In the aerosol generating device of the present invention, when a user needs to use the aerosol generating device, the driving assembly 30 can be started by the control assembly 40, so that the driving assembly 30 drives the atomizing assembly 20 to rotate, and the oil inlet 21 is communicated with the oil inlet groove 132, and at this time, the tobacco tar can flow into the atomizing assembly 20 through the oil inlet 21 on the atomizing assembly 20, and react with the atomizing assembly 20 to generate smoke; when the user does not use the electron cigarette, accessible control assembly 40 restarts drive assembly 30 to make drive assembly 30 drive atomization component 20 rotate, thereby make inlet port 21 stagger with oil feed tank 132, at this moment, inlet port 21 is sheltered from by the inner wall of sealed through-hole 131, the tobacco tar can't get into inside atomization component 20, realize the inside isolation of tobacco tar and atomization component 20, prevent that tobacco tar and atomization component 20 from long-term contact and rotten, and can avoid the tobacco tar to pass through the oil feed port 21 oil leak. Moreover, the user can realize the automatic control of the aerosol generating device through the control assembly 40 and the driving assembly 30, and the use convenience of the user is improved.

Silica gel or rubber can be chooseed for use to the material of sealing member 13, when atomization component 20 inserts and locates in the sealed through-hole 131 of sealing member 13, can enough make atomization component 20 and sealing member 13 closely laminate to guarantee good leakproofness, prevent that the tobacco tar from revealing, can guarantee again that atomization component 20 can rotate smoothly in sealed through-hole 131, in order to realize operating condition and unoperated state's free switching.

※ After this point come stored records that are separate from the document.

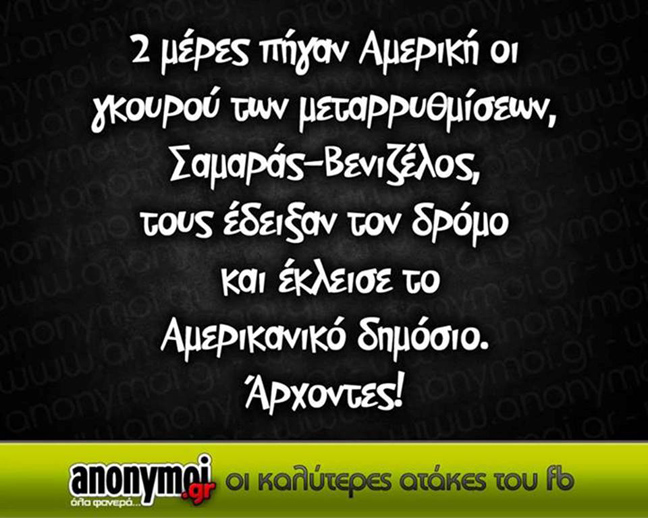 Ο,ΤΙ ΝΑ 'ΝΑΙ #αστεία φωτογραφία Τα αποτελέσματα των γκουρού των μεταρρυθμίσεων Στην Αμερική Σαμαράς-Βενιζέλος 03·10·2013 17:35 1 σχόλια
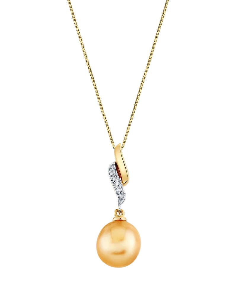 Macy's Cultured Fresh Water Pearl (11mm) & Diamond Accent Pendant Necklace in 10k Yellow Gold in Bloomington, MN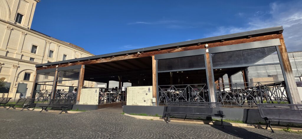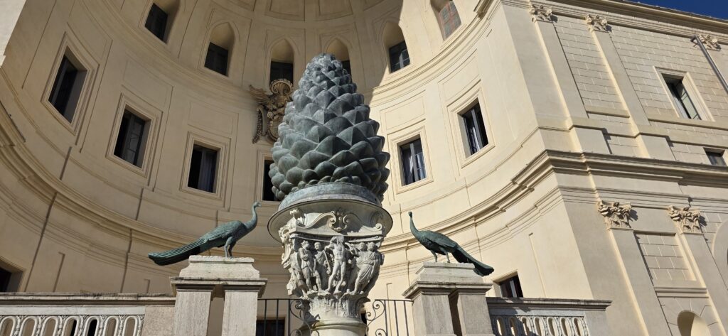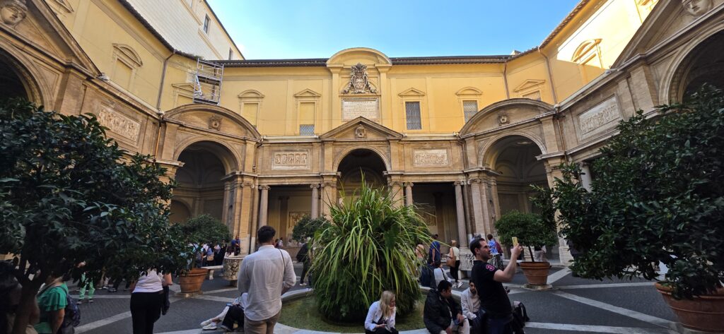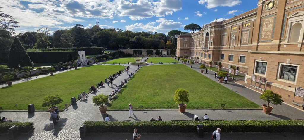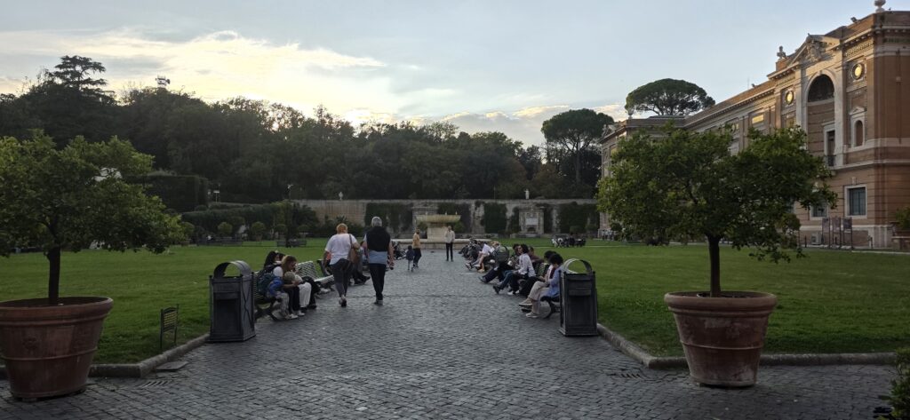ピナコテカを出てから眺めた中庭。ピーニャの中庭など、美術館を散策するうちに遭遇する中庭はいくつかあるが、システィーナ礼拝堂も全部回ってから出た場所。疲れた身体を休めるベンチ。

In the present embodiment, two or more oil inlets 21 are provided on the atomizing assembly 20, and the two or more oil inlets 21 are spaced apart from each other on the outer wall of the atomizing assembly 20. Correspondingly, the sidewall of the sealing through hole 131 is also provided with more than two oil inlets 132, and when the atomizing assembly 20 rotates to the working position, the more than two oil inlets 132 respectively correspond to the more than two oil inlets 21 one by one. Oil inlet 21 more than two and the corresponding setting of oil feed tank 132 more than two, the speed of multiplicable tobacco tar entering atomization component 20 improves the atomization efficiency of tobacco tar, makes the experience that the user smoked better.

In one embodiment, the number of the oil inlet holes 21 is two, two oil inlet holes 21 are respectively disposed at opposite sides of the atomizing assembly 20, and correspondingly, two oil inlet grooves 132 are disposed on the side wall of the sealing through-hole 131. When the atomizing assembly 20 is in the working position, the two oil inlets 21 face the two oil inlet grooves 132 respectively; when the atomizing assembly 20 rotates to the non-operating position, the two oil inlets 21 are respectively staggered with the two oil grooves 132, and the two oil inlets 21 are shielded by the inner wall of the sealing through hole 131. Preferably, the atomizing assembly 20 is rotated 90 degrees from the operating position to the non-operating position, and similarly, the rotation from the non-operating position to the operating position is also rotated 90 degrees. In other embodiments, the number of the oil inlet holes 21 may also be three, four, etc.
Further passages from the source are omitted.